Putting your clients ahead of yourself isn’t service. It’s slavery. Good service is one thing. A gnawing feeling in the pit of your stomach telling you you’re selling a bit too much of your soul is another. And somewhere along the way, you either draw a line in the sand or you let the tide wash you away.
WHAT’S A STAKE
Me? I’ve spent the better part of my days being a doormat. Somehow, I had it in my head that there were the pictures I was supposed to take and the ones I wasn’t. That ‘yes’ was a mandate, that giving was the only way to get, and that meeting half way wasn’t losing the other half.
We may exist in a service industry. It might be more competitive than ever. And clients deserve to be treated right. But it ain’t opportunity if it kills you slowly.
We know it when things aren’t settling right. I know of no one who gets into a business to let it rule their life. I know of no one who loves photography whose goal is to renounce their vision.

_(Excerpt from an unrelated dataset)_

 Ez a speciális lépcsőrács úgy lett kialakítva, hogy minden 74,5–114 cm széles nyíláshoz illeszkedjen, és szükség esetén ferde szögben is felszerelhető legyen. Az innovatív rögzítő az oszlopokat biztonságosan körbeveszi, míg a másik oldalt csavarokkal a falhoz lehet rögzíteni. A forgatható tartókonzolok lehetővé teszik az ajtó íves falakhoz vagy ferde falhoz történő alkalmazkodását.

I have never met a person who felt they didn’t deserve to get paid the $500 they thought they had to give up to get the contract they got. But these things are all too common. In the absence of alternatives, the rule of thumb seems to be to do what we need to do for the sale.
But if it’s true what they say – that it’s not the photography we sell, but us – then what do we really lose when we don’t get back as much as we give?
DOING FOR OTHERS AND DOING FOR YOU ARE NOT EXCLUSIVE
Not too long ago, I saw Perks of Being a Wallflower. I’m eternally a sucker for a coming of age story. Tell me a tale of a teen trying to find a place in the world, and I’ll be the first to sign up. Because what any teenager knows and every adult has forgotten is this: though our potential is limitless, our will is limited. Our hearts are fragile things. At stake is more than career or cash. At stake is who we are.
And there are two things Perks of Being Wallflower will tell you about who we are. First, we get the love we think we deserve. And second, putting everyone’s life ahead of our own is not love.
Which is all to say that doing a good job isn’t going to be measured by how big a doormat you can be. It will be measured by how much value you make people see in the work you create. That’s worth repeating. Business is built on nothing but the ability to let people see your value. And insofar as business goes, everything else is just a device to move us towards that end. Some people do it by networking, some by brand, some by image. Most by a little bit of all of them. But whatever the device, it is fully possible to create boundaries without losing your clients. In fact, if you do it right, you’ll get even more. A business must reflect the owners needs. Lying down and rolling over isn’t running a business. It’s just running.
The problem is there’s no manual given at birth to tell us how to manage our businesses. There’s no playbook on finding your voice, there’s no key to outline all the right moves. We are thrust into this industry, and we throw ourselves at the problems with all the resolve we can muster. But we can only learn ourselves how to find our footing and make it out unscathed. Business is trial by fire.
BEING HONEST MATTERS
Like love, you get the clients you think you deserve. But for all the bravado and all the talk, most of us will cave to market pressures and financial needs. These are things that will tell you that you don’t deserve much. Don’t listen. If you want a healthy relationship to your business, then know that you deserve as much as you allow yourself to believe. But that doesn’t come easy.
Because to say you deserve more is to be willing to fail and to hurt. If you’re afraid to fall, you’ll never learn to get up. And life is about the getting up, if anything at all. You can’t run. You can’t hide. You can’t duck and cover in the face of doubt, fear, and insecurity. You cannot do these things, because you have to know when you fail, how you fail, and why you fail. Honesty is a part of growth.
Sweeping problems under the rug to preserve the ego is the surest way to let them fester. Instead of creating solutions, you build protective scar tissue that desensitizes you to the subtleties of reality, leading to a corrosive cycle of avoidance that creates more questions than answers. Over time, it becomes all too easy to find yourself spending ten hours doing one thing to avoid one doing another. When it calls for the one, just do the one.
George Carlin said “Trying to be happy by accumulating possessions is like trying to satisfy hunger by taping sandwiches all over your body.” The same applies here. You will not solve business problems through images alone. You will not solve photographic problems through business alone. And there are any number of permutations in between. Lead with strength, but don’t run from weakness. Walk through the fire. Find the solution.
When you get that gnawing feeling that this wasn’t right or that isn’t working, don’t think tomorrow is another day. Get it done now. That’s you telling yourself to make it right. Do not give yourself the space to retreat and let missteps ripple through your life. Commit. Because believing you deserve more isn’t just a hope. And it’s not a betrayal by the world at large. It’s you being ready to get it done. Deserving more is a call to action, and to hear it, you just have to be ready to listen.